> [Work instruction]: Copy exactly and only the lines running from the one that contains "The Buyers financing" to the final line of the data below, without the pictures.

> [Raw data]:
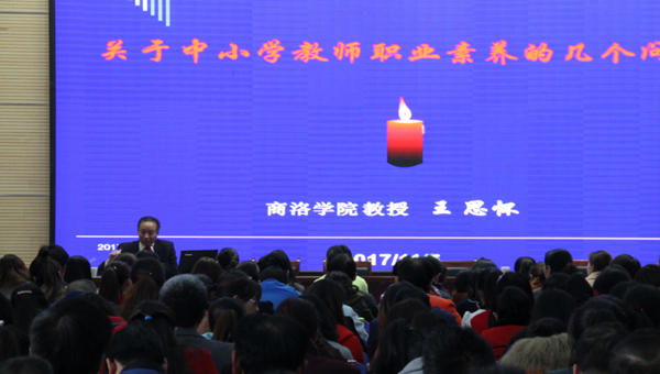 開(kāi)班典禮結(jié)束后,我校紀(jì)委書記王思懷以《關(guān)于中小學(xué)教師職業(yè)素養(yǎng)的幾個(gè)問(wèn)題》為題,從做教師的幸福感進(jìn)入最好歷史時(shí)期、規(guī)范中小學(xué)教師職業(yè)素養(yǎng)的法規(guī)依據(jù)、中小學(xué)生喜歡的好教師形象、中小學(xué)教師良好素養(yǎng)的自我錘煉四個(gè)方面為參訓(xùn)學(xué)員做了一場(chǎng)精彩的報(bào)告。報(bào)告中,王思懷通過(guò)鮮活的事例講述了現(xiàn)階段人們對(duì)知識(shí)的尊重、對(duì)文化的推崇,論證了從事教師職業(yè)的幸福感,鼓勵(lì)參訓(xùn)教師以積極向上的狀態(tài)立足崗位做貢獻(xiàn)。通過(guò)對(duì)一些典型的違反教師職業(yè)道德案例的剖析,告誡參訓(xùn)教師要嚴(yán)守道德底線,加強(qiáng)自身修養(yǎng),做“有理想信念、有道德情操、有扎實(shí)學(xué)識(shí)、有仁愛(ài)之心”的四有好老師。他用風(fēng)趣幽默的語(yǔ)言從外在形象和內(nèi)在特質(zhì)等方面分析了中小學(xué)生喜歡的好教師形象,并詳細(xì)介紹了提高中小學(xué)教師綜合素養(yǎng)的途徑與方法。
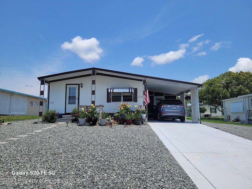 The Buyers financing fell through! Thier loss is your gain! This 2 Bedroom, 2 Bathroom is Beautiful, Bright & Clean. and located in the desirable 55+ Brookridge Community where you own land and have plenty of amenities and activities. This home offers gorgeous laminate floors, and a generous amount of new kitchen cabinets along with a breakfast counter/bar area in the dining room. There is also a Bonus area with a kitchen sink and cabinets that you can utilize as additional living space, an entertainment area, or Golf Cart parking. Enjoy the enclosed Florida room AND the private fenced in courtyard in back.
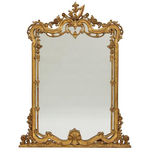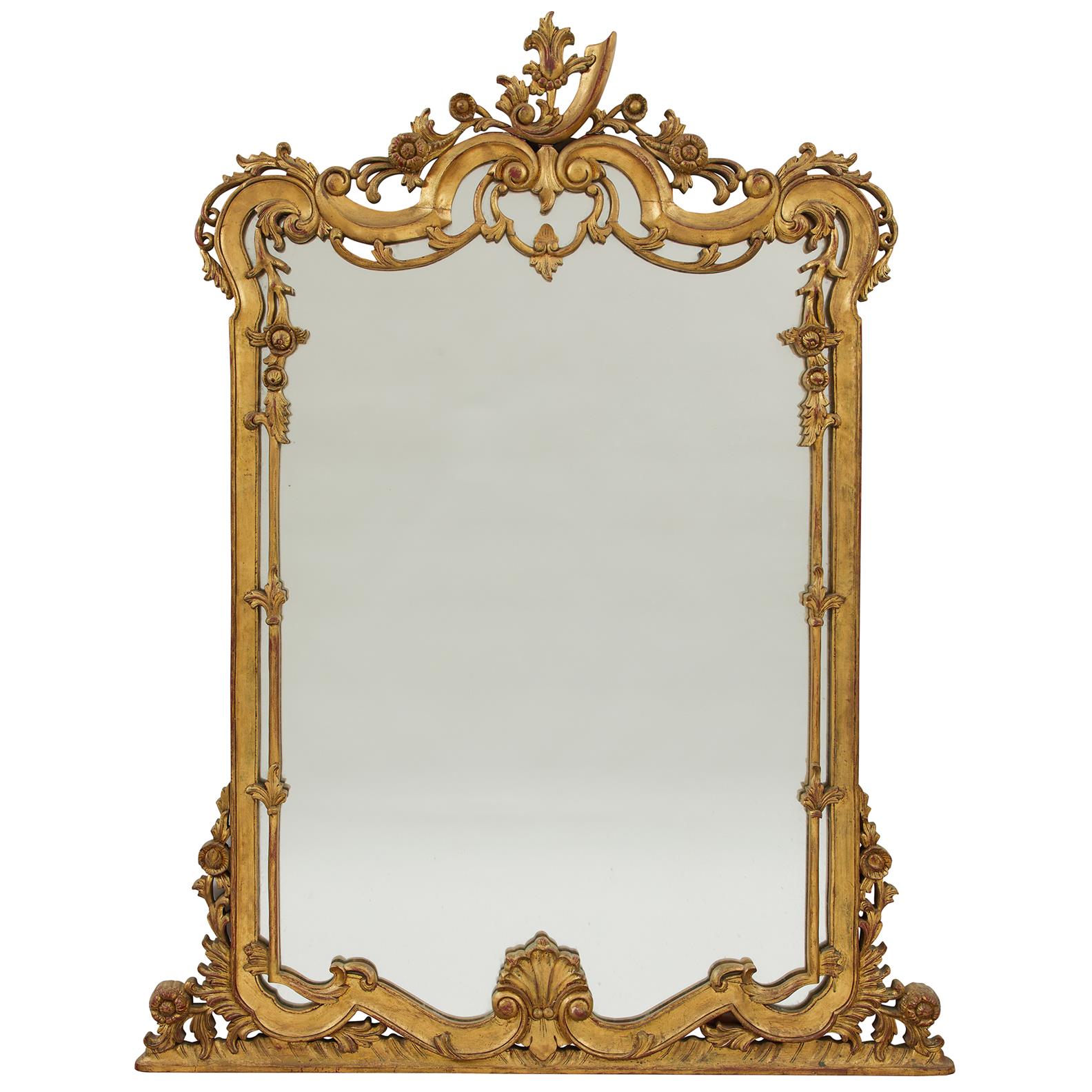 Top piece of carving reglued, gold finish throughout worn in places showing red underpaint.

> [Result of this exercise]:
 The Buyers financing fell through! Thier loss is your gain! This 2 Bedroom, 2 Bathroom is Beautiful, Bright & Clean. and located in the desirable 55+ Brookridge Community where you own land and have plenty of amenities and activities. This home offers gorgeous laminate floors, and a generous amount of new kitchen cabinets along with a breakfast counter/bar area in the dining room. There is also a Bonus area with a kitchen sink and cabinets that you can utilize as additional living space, an entertainment area, or Golf Cart parking. Enjoy the enclosed Florida room AND the private fenced in courtyard in back.
 Top piece of carving reglued, gold finish throughout worn in places showing red underpaint.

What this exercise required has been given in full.